Один мальчик, самый маленький, уже был на руках у другой бригады скорой помощи. Они прямо там проезжали во время обстрела, очень близко. И уже была на месте тероборона. Они ребёнку оказали первую помощь. Маме частично успели оказать первую помощь, а мы забрали семилетнего мальчика.
— Мама что говорила? Она была в сознании? Она плакала?
— Мама была в шоке. Пыталась найти детей. Они все были оглушены взрывом. Это состояние, когда ты ничего не слышишь, у тебя звенит в ушах, ты просто потерян в пространстве. Она пыталась найти детей, а они не плакали оба.
У семилетнего мальчика были очень тяжелые травмы ног. Фактически была кожа с мышцами снята с костей. Но он не плакал, чтобы не пугать маму. И вообще мы с ним в машине разговаривали про мультики, на отвлеченные темы.
Мама была тяжелая, это состояние называется сопор, когда человек может отвечать на твои вопросы, но после какого-то раздражения — болевого или громкого оклика. У нее тяжелое ранение было по итогу.
— Они выжили?
— Мама жива, детки живы оба. Один уже ходит в школу, второй — в детский садик пошел. Уже год прошел. Я видела их видео с реабилитацией. Показывали фотографии, что они живы и счастливы. И мальчику семилетнему ножки спасли. Это было самое страшное, что ему не удастся спасти обе ноги.
— То есть вы целенаправленно искали информацию об этих людях? Как долго?
— Мы общаемся с реаниматологами из детской областной больницы. Фамилии и другие данные всё равно остаются, и врачи из детской областной всегда интересуются. Педиатры — это вообще особенные люди. И они всегда интересуются своими маленькими пациентами, их судьбой. И я уже через врачей детской областной узнавала.
— То есть для вас было важно знать, что они живы?
— Да, для меня было важно знать, что они живы. То, что они живы, я знала, потому что мои сменщики отвозили в Курск обоих деток маленьких.
Но, во-первых, мне важно было знать, что среднему мальчику удалось ножки сохранить, потому что там действительно были очень тяжелые ранения обеих нижних конечностей. А, во-вторых, важно было знать про судьбу малыша, у которого было проникающее ранение в живот. Что он тоже не останется инвалидом и что ему не надо будет удалять часть кишечника и прочее. Но всё у них с очень хорошим, благополучным исходом.

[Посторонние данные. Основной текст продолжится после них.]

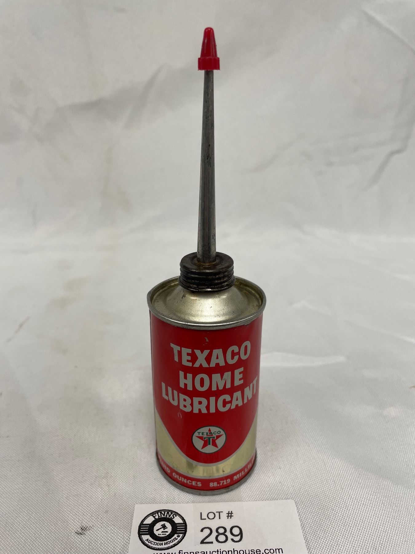 Circa 1966 3 Ounce Round Texaco Home Lubricant Tin Long Spout

— А как долго вы ими интересовались?
— В последний раз я спрашивала про них в августе этого года. То есть год почти прошёл.
Дотравматический синдром
— Вы рассказываете это, и даже больно слушать. А вы это видите и говорите, что ваша работа вам дарит радостные ощущения.
— Работа дарит радостные ощущения, когда ты видишь результат работы.
— Я имею в виду, что эта сцена настолько ужасна, что, мне кажется, она может превысить любое удовлетворение от работы. Просто хочется спрятаться и не видеть такого никогда.
— А здесь уже работает принцип «кто, если не ты». На самом деле мало людей, кто вот так готов работать. И да, домой приходишь, плачешь, думаешь: «Я перегорела, всё, надоело». Но потом всё равно каждый раз ты с удовольствием приходишь на смену — ты на своём месте. Я не готова ни на что её сейчас променять.
У меня есть одногруппники и друзья, которые далеко и вообще далеки от СВО. Они все время говорят: «Переезжай в Москву. Там спокойно. Тихо, чисто, пахнет цветочками в больнице, а ты в этом всём». Нет, не хочется.
— А почему?
— Не знаю. Я даже когда уезжаю в командировку или куда-то на конференции, в Москву, в Питер, всё равно слежу за тем, что в городе происходит. Хотя у меня в Белгороде родственников нет. У меня родители в Старом Осколе, и особо следить, что с родственниками что-то случится, не надо. Но всё равно каждый раз смотришь, никуда ли не прилетело, всё ли хорошо у ребят. На работу пишешь: «Всё хорошо, всё нормально?». То есть всё время, когда находишься далеко отсюда, какая-то тревога возникает.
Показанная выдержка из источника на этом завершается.